Тот попытался сделать вид, что программа его не интересует.
— Услуга заключается в том, чтобы пойти на концерт? И это все?
— Ты пойдешь на концерт не просто чтобы слушать музыку. Прежде всего ты отправишься туда, чтобы кое-что выведать.
— Хорошо, но о ком?
— О Бетховене. Ты же специалист по Бетховену, верно?
— Да, конечно. Я пишу о нем книгу. Я начал ее несколько лет назад, тогда еще был жив мой отец, но когда он заболел, я ее забросил, а после его смерти не нашел в себе сил к ней вернуться. Сейчас я хочу ее закончить, хотя бы для того, чтобы посвятить отцу и почтить его память.
— Весьма похвально, — заметил Дуран и после короткой паузы добавил: — На прошлой неделе я где-то прочел, что у Бетховена испанские корни.

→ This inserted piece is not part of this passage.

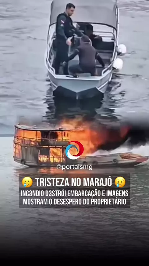 ⚠️ URGENTE Imagens que circulam nas redes sociais mostram o desesp3ro do proprietário da embarcação que foi destru!da por um inc3dio na manhã desta terça-feira (23), na Baía do Marajó, entre os municípios de Portel e Melgaço, na Ilha do Marajó. Nos vídeos enviados ao @portalsmg, o dono do barco aparece a bordo de uma lancha da Polícia Militar, acompanhando de perto o momento em que o føgo consome completamente a embarcação que representava seu principal meio de trabalho e sustento.

— Его называли Schwarzspanier, то есть черный испанец, потому что он был очень смуглым, а некоторые даже говорят, что его предки были испанцами…

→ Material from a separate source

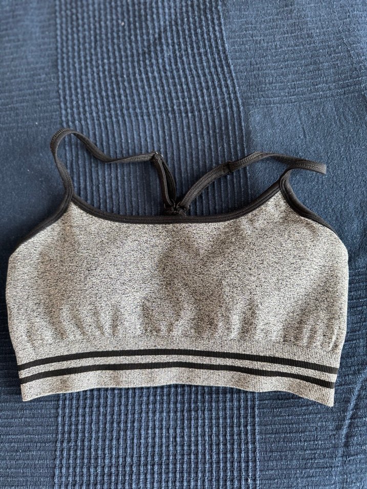 Gri renkte, ince askılı ve desen içermeyen bu atletik spor büstiyer, midi uzunlukta ve sokak stili için rahat destek sağlar.

— Вставь это в свою книгу. Всегда надо помнить о родине.
— Дело в том, что род Бетховена происходит из Фландрии. Так как испанцы владели Фландрией в шестнадцатом и семнадцатом веках, вполне возможно, что какой-нибудь аркебузир соблазнил или, учитывая нашу репутацию, изнасиловал прапрабабку композитора.
— Пусть в твоих «Сумерках гения» это прозвучит достаточно отчетливо.
— Ты знаешь название книги? Как быстро разносятся слухи.
— У слухов длинные ноги. Вот, взгляни.
Дуран наконец вручил программу Даниэлю, и тот мгновенно пробежал ее глазами. Увидев стоявшее рядом с Бетховеном имя, он вздрогнул.
— Рональд Томас! Ты знаешь, кто это такой?
— Кое-что слышал.
— Этот человек находится в самом центре современного музыковедения, не говоря уже об области его особых интересов — исследовании творчества Бетховена, где ему нет равных. Все восхищаются его работами, к тому же он блестящий полемист. Одни его обожают и рукоплещут каждому его сочинению, другие проклинают и хотели бы, чтобы он поскорее ушел из музыкальной жизни.
— Ушел из жизни… то есть умер?
— Нет, приятель. Разумеется, не умер, просто утратил авторитет, был развенчан и признан бездарным.
— А на чьей стороне ты?
— Я полностью на стороне Томаса. Я уже несколько лет слежу за его работами и удивлен, что не слышал о его приезде.
— Думаю, он предпочитает держать это в тайне, так как приехал с особым, весьма особым концертом.
Даниэль, продолжая изучать программу, изумленно покачал головой:
— Десятая симфония Бетховена! Не может быть!
— Ты только что произнес ключевое слово: не может быть! Существует ли эта Десятая симфония в действительности?
— Этого никто не знает. Томас никогда не говорил, что ему удалось ее найти. Но он реконструировал ее на основе множества фрагментов, разбросанных по всей Европе, и тем самым окончательно вывел из себя самую простодушную и консервативную часть музыковедов. Существует около двухсот пятидесяти тактов первой части, хотя симфония обычно состоит из четырех. Если верить программе, которую ты мне только что вручил, завтра вечером он исполнит именно их.
— Вот увидишь, — сказал Дуран, с удовольствием наблюдая за волнением Даниэля, — концерт будет почти подпольным. Он нигде не объявлен и состоится не в публичном месте, а в частном доме Хесуса Мараньона, куда пригласили только избранных.
— Не важно, что придут немногие, ведь некоторые из них настроены весьма воинственно и могут появиться на концерте во всеоружии.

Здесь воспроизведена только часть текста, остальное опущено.